AVAILABLE RECORDS:
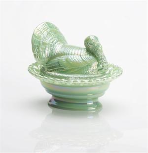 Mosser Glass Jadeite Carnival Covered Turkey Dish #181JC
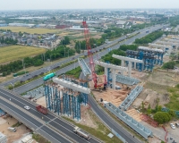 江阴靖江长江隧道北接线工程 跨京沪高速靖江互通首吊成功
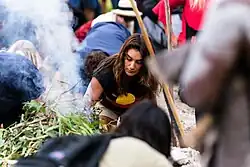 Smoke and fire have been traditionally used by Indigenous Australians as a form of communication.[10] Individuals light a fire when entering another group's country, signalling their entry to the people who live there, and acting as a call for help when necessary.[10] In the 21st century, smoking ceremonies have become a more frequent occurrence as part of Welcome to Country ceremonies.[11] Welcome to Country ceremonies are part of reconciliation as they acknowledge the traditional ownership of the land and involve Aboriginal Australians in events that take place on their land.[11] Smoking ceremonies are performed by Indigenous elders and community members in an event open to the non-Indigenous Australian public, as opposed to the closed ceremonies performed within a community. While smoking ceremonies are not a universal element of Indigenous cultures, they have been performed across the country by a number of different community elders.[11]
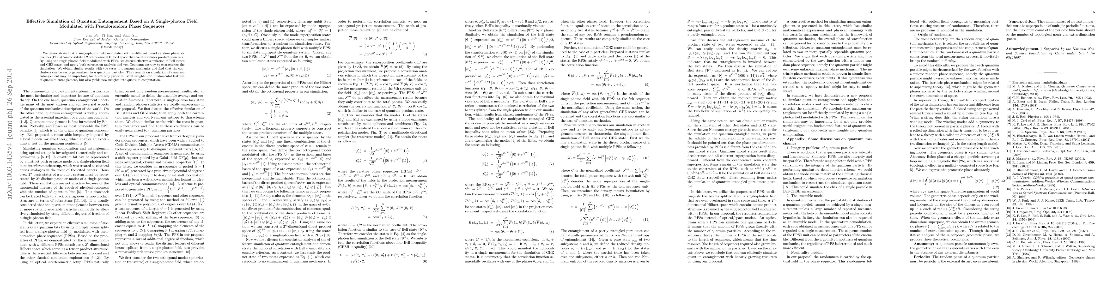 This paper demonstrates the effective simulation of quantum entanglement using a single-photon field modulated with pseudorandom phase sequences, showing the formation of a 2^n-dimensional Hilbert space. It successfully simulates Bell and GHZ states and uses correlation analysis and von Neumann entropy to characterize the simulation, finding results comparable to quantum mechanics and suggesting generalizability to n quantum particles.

==

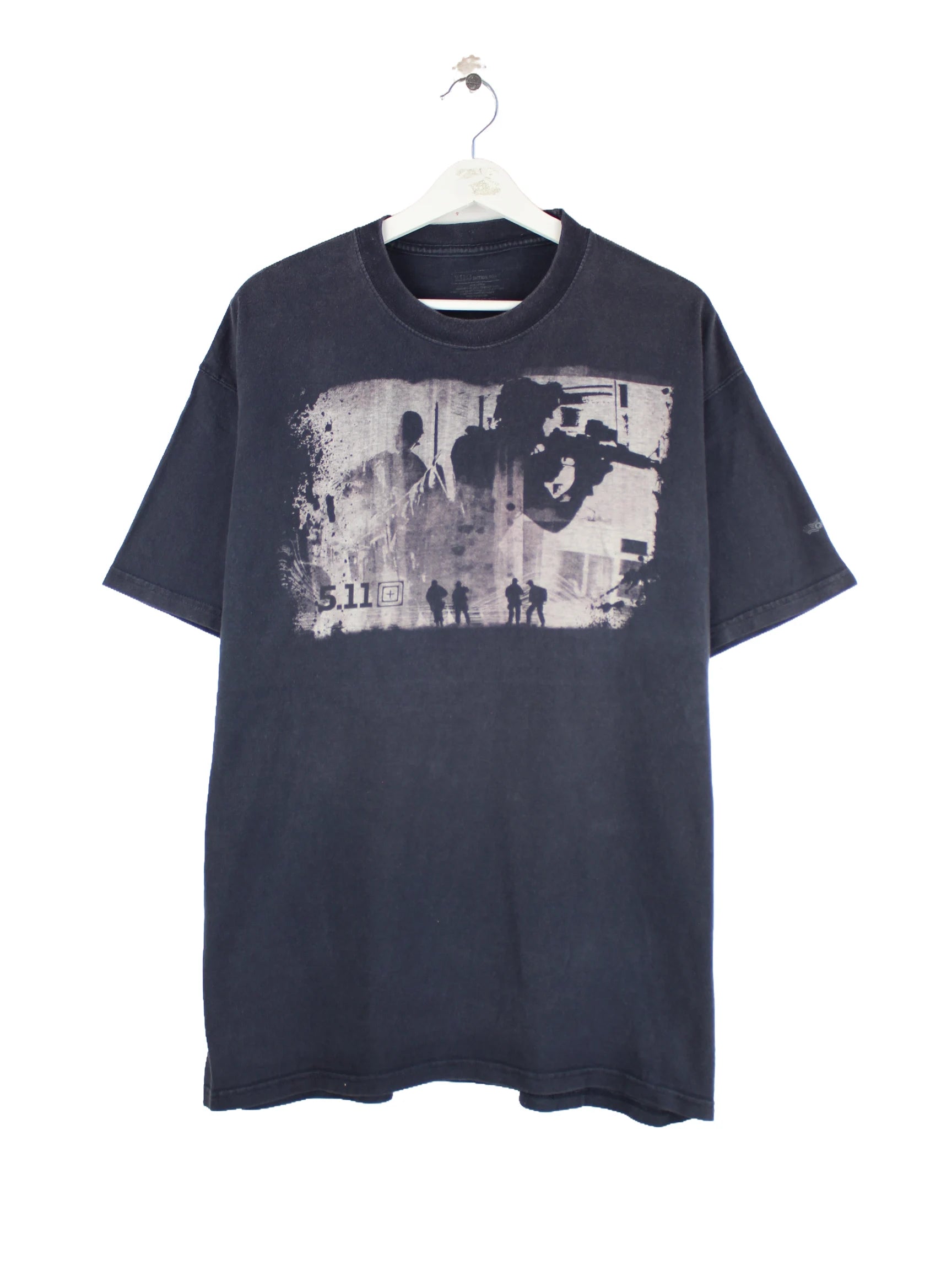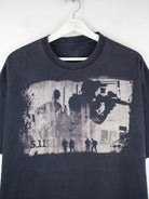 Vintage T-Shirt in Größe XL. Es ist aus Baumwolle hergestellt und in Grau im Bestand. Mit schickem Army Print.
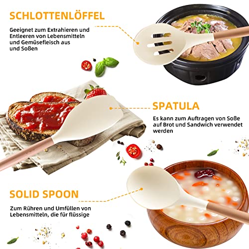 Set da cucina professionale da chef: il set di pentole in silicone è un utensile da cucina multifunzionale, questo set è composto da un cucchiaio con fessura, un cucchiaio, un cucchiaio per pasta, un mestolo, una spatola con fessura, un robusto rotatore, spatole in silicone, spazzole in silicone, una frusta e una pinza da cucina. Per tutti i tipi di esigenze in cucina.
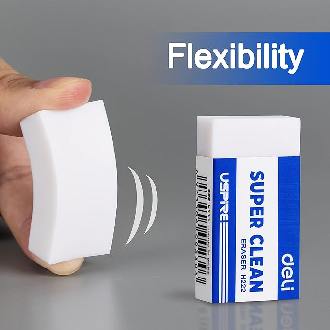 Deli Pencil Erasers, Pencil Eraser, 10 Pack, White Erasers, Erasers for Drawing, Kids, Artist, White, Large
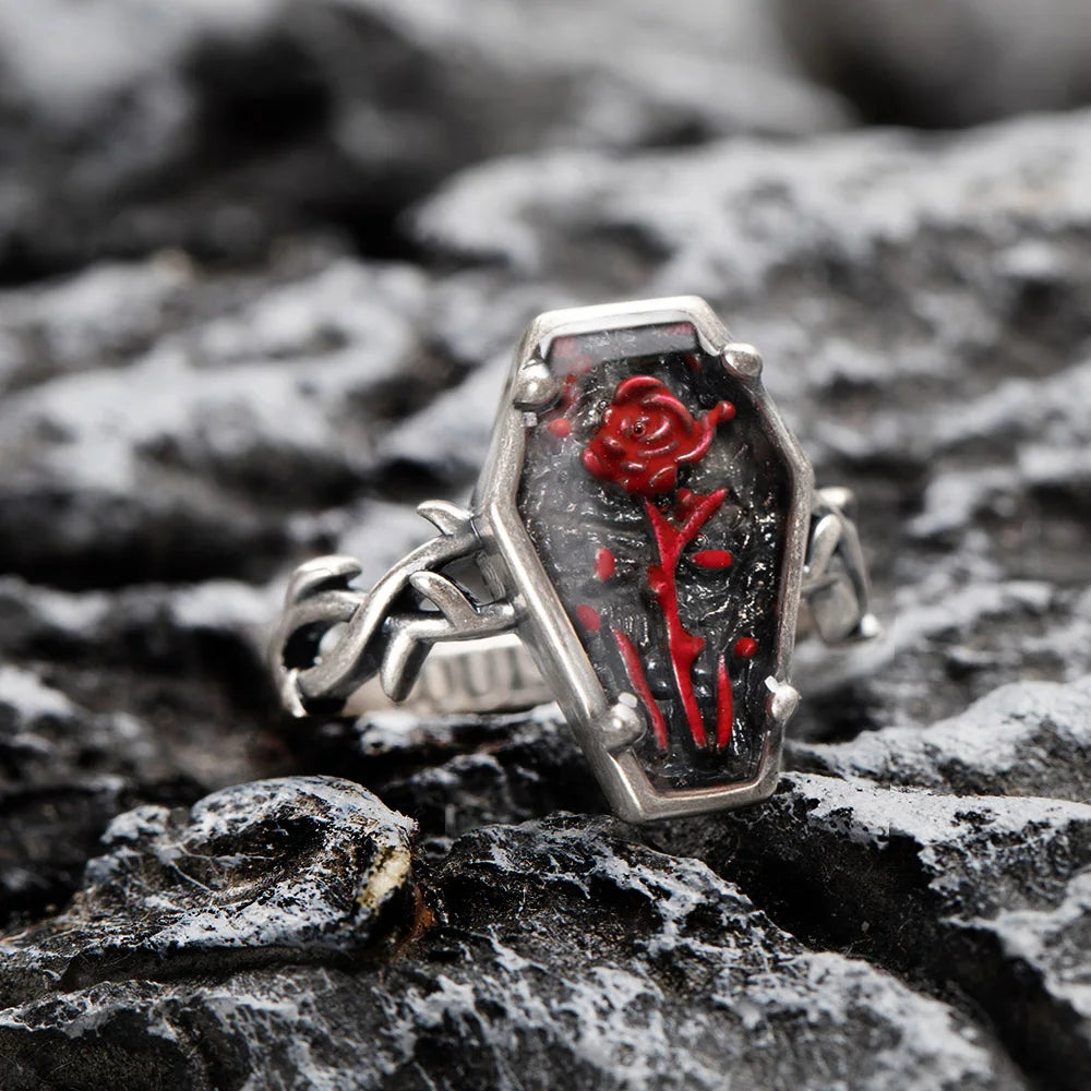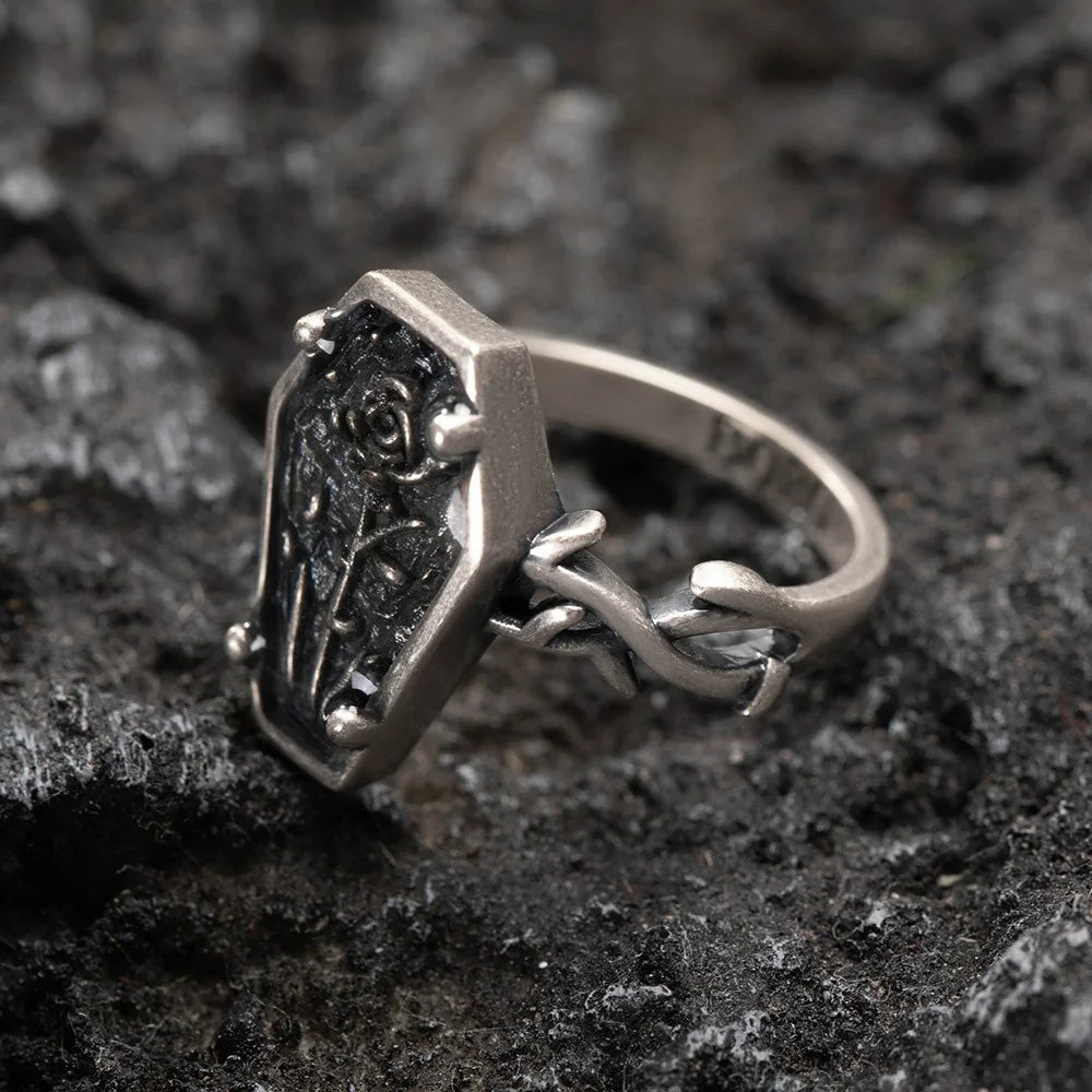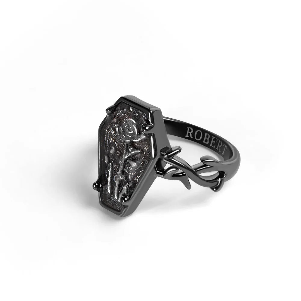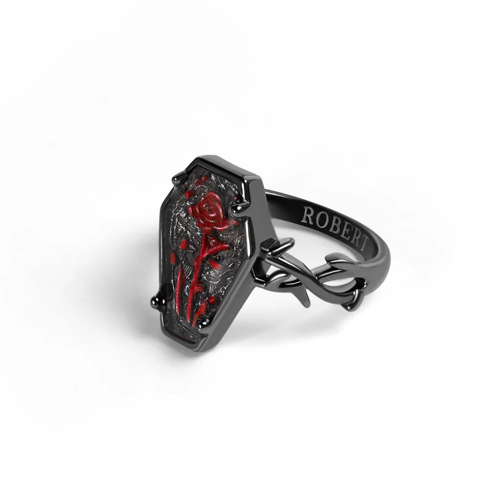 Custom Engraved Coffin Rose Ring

==

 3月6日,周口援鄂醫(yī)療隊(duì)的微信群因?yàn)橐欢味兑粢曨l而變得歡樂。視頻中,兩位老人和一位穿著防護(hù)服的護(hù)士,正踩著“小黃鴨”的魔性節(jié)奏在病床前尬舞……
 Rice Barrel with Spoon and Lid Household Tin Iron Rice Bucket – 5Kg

REQUIRED WORK: Range to copy from the records above: the line containing "Deli Pencil Erasers, Pencil" to the line containing "Custom Engraved Coffin Rose Ring", both included. Output those lines exactly and only those, skipping pictures.

RESPONSE BOX:
 Deli Pencil Erasers, Pencil Eraser, 10 Pack, White Erasers, Erasers for Drawing, Kids, Artist, White, Large
 Custom Engraved Coffin Rose Ring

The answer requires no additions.